◆ PROBLEM STATEMENT
Skip the pictures. Output only the lines below starting at the line with "[Carta] 1934 mar." and ending at the line with "Funda TPU Huawei", both ends included, exactly as they are.

** SUPPLIED INFORMATION follows **

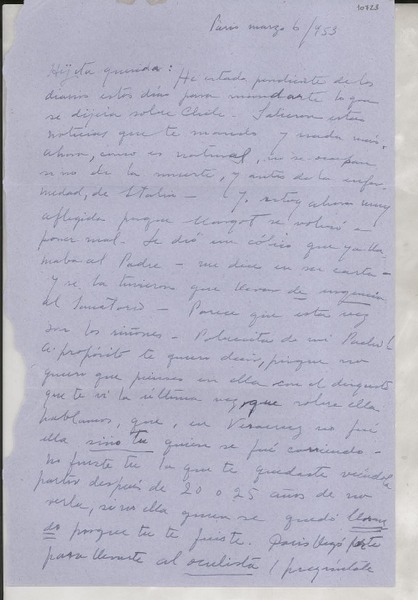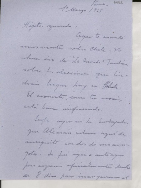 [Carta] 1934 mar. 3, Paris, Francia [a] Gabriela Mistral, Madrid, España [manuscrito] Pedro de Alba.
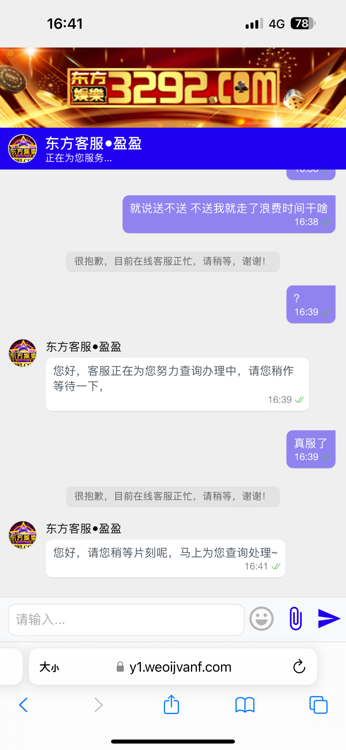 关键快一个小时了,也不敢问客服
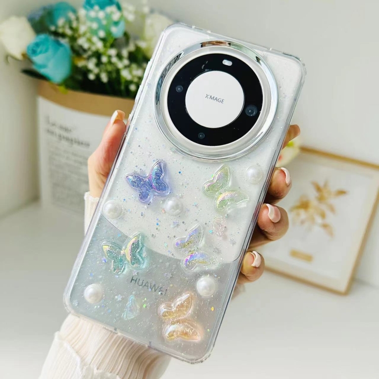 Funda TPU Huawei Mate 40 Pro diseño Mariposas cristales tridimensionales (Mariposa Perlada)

** End of SUPPLIED INFORMATION **
** SUPPLIED INFORMATION follows **

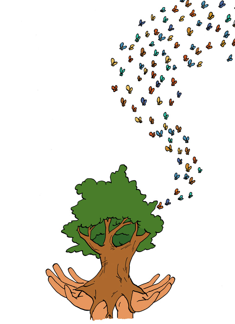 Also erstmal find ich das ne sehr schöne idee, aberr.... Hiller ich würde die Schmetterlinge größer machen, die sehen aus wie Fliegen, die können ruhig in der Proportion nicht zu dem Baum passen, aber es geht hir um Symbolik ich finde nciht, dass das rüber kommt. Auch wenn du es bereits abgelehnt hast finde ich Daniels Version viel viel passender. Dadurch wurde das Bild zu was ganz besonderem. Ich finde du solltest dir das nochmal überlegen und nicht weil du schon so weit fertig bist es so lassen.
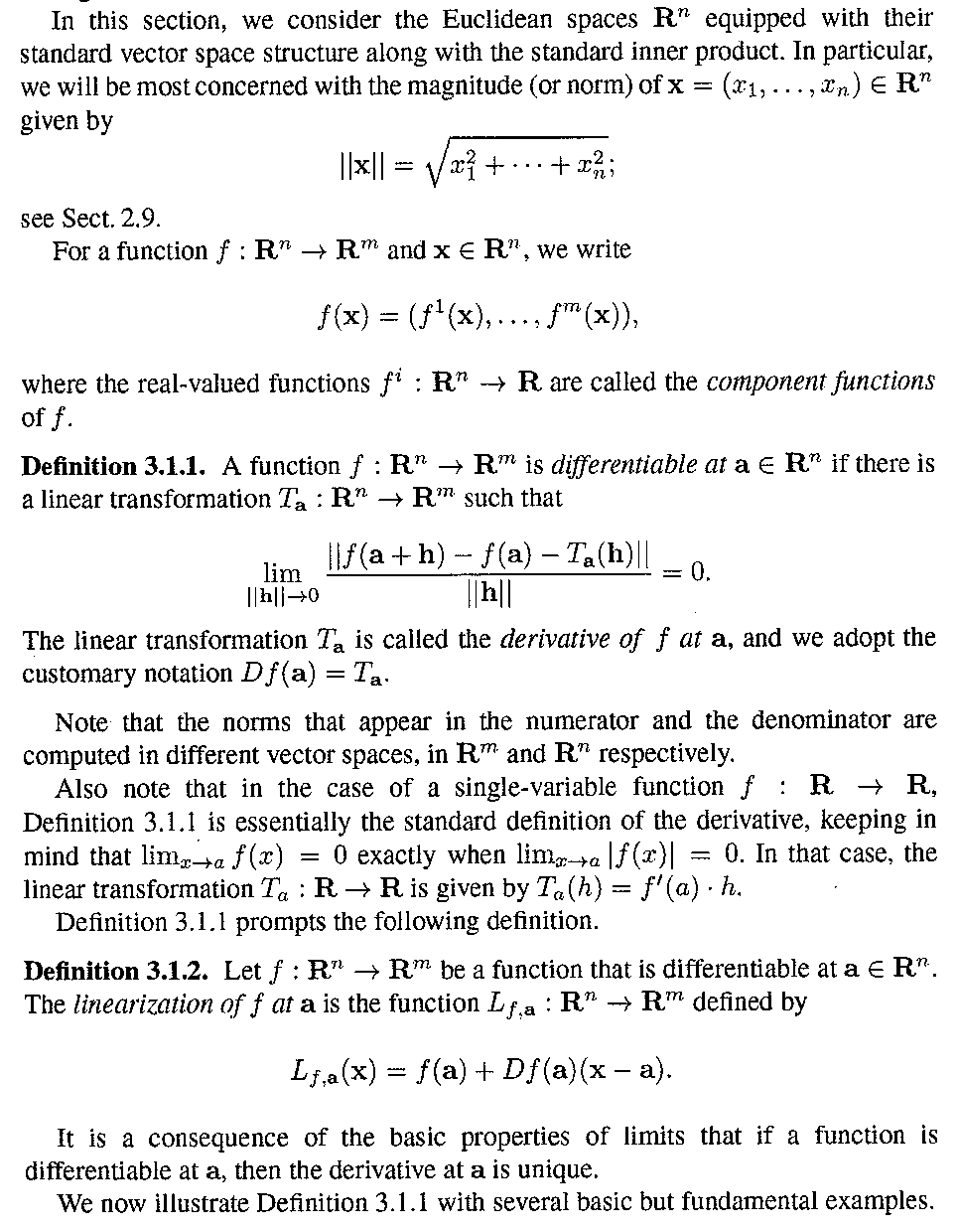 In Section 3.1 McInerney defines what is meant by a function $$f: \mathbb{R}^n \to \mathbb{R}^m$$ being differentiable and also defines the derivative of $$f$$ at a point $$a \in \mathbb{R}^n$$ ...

** End of SUPPLIED INFORMATION **

◆ TASK SOLUTION
 [Carta] 1934 mar. 3, Paris, Francia [a] Gabriela Mistral, Madrid, España [manuscrito] Pedro de Alba.
 关键快一个小时了,也不敢问客服
 Funda TPU Huawei Mate 40 Pro diseño Mariposas cristales tridimensionales (Mariposa Perlada)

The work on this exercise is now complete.